DİJİTAL ÇAĞIN YARARLARI VE ZARARLARI

Rahmatullayeva, dijital çağın bayanların iş ve eğitim hayatında daha etkin rol almasına katkı sağladığını belirtirken, birebir vakitte artan boşanma oranları üzere olumsuz tesirlerin de gözlemlendiğine işaret etti.

AİLE YAPISINI ETKİLEYEN FAKTÖRLER

Aile yapısının global ısınma ve kentleşme üzere faktörlerden de etkilendiğini söyleyen Rahmatullayeva, kentleşme süreciyle geniş aile yapısının yerini çekirdek aileye bıraktığını, ailelerin ekseriyetle tek çocuk sahibi olduğunu ve köylerden kentlere göç ederken sadece çekirdek ailenin taşındığını söz etti.

Tüm dünyada tesirini gösteren iklim değişikliğinin aile hayatını da etkilediğini söyleyen Rahmatullayeva, bu durumun aileler üzerindeki ekonomik yükü değerli ölçüde artırdığını kaydetti.

‘ABD AİLE YAPISINA ZİYAN VERİYOR’

Gennarini, ABD ve Batılı vakıfların, cinsiyet eşitliği ve üreme sıhhati üzere kavramları kullanarak klasik aile yapısına ziyan verdiğini ileri sürdü.

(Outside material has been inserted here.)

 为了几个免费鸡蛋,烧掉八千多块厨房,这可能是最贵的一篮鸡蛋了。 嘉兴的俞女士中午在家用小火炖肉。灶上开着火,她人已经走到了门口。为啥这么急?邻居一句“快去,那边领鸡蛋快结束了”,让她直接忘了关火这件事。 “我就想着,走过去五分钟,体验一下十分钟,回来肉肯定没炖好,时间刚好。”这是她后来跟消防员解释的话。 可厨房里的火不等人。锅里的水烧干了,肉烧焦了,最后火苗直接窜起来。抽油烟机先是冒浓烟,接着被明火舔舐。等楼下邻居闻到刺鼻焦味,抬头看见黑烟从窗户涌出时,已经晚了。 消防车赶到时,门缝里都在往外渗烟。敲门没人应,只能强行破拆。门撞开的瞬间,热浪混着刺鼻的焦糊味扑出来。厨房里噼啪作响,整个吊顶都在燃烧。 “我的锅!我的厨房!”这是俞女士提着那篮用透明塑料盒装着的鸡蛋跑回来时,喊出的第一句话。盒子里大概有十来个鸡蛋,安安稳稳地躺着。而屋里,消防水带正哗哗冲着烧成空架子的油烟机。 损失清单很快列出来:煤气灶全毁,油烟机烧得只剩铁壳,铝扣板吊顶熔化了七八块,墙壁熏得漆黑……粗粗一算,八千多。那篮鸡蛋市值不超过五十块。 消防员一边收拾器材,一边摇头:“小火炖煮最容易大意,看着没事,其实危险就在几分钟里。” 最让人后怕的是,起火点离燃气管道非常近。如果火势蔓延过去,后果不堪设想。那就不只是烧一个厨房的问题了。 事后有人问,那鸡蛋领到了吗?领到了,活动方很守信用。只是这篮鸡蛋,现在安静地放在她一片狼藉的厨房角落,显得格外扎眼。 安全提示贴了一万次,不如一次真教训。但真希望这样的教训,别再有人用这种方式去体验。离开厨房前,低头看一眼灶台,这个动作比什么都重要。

BM’nin toplumsal siyaset kararlarının artık çoğunlukla Batılı ülkelerin siyasi görüşlerine nazaran şekillendiğini belirten Gennarini, gelişmekte olan birçok ülkenin bu siyasetlere karşı çıkmak yerine ekonomik tasalar nedeniyle sessiz kaldığını vurguladı.

‘AB AİLEYE HİÇ İNANMIYOR’

Gennarini, “Eğer ailenin geleceğimiz olmasını istiyorsak buna bir son vermeliyiz çünkü Avrupa Birliği aileye hiç inanmıyor ve yaptığı yanlışlarla tüm dünyayı peşinden sürüklüyor.” tabirini kullandı.

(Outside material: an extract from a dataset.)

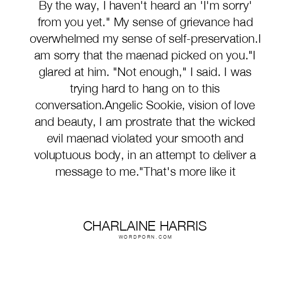 By the way, I haven't heard an 'I'm sorry' from you yet." My sense of grievance had overwhelmed my sense of self-preservation.I am sorry that the maenad picked on you."I glared at him. "Not enough," I said. I was trying hard to hang on to this conversation.Angelic Sookie, vision of love and beauty, I am prostrate that the wicked evil maenad violated your smooth and voluptuous body, in an attempt to deliver a message to me."That's more like it
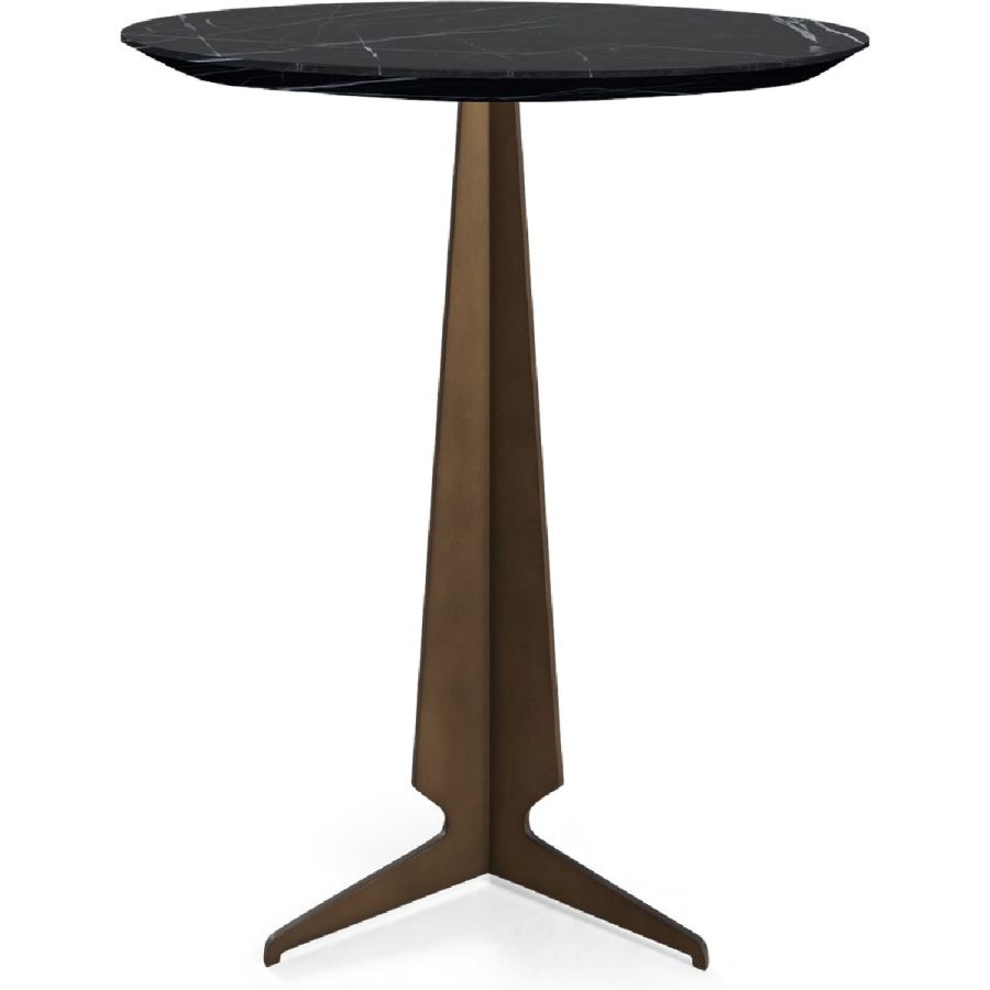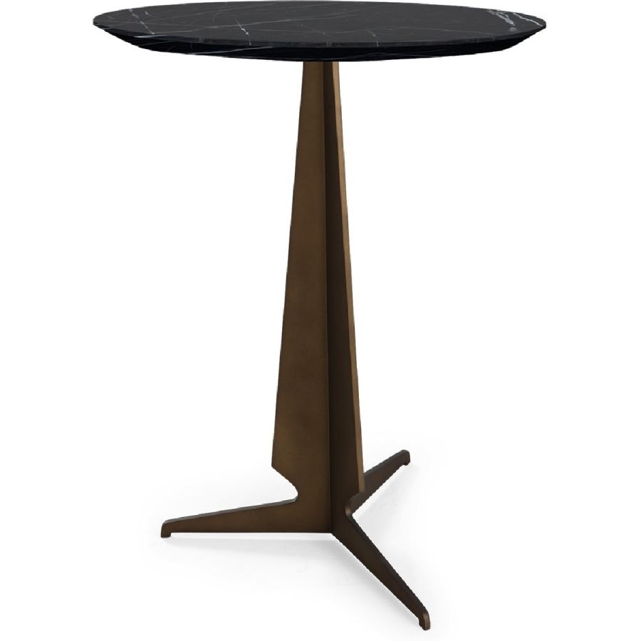A stylish modern styled bistro/side table with pyramidal metal base.

‘İLAÇ PAZARLARI 1,5 MİLYAR DOLAR’

Kiristaev, büyük ilaç şirketlerinin (Big Pharma) ABD Kongresi, askeri-sanayi kompleksiyle işbirliği içinde global bir nüfus denetim siyaseti izlediğini savundu.

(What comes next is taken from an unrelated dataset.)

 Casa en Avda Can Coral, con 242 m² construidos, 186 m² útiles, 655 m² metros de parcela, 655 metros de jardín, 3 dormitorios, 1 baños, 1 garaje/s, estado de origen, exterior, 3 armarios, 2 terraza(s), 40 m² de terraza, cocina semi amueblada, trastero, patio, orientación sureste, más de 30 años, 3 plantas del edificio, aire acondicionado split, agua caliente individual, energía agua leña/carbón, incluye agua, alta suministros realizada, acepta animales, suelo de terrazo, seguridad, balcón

Çocukların biyolojik cinsiyetlerinden uzaklaştırıldığını ve değerli hormon tedavilerine yönlendirildiğine işaret eden Kiristaev, “Trans bireylere yönelik ilaç ve cerrahi pazarının 2025 prestijiyle 1,5 milyar dolara ulaşması bekleniyor.” dedi. Kiristaev, Gürcistan ve Ukrayna’daki kimi laboratuvarları örnek göstererek, bilhassa çocuklar üzerinde kontrolsüz deneyler yapıldığını argüman etti.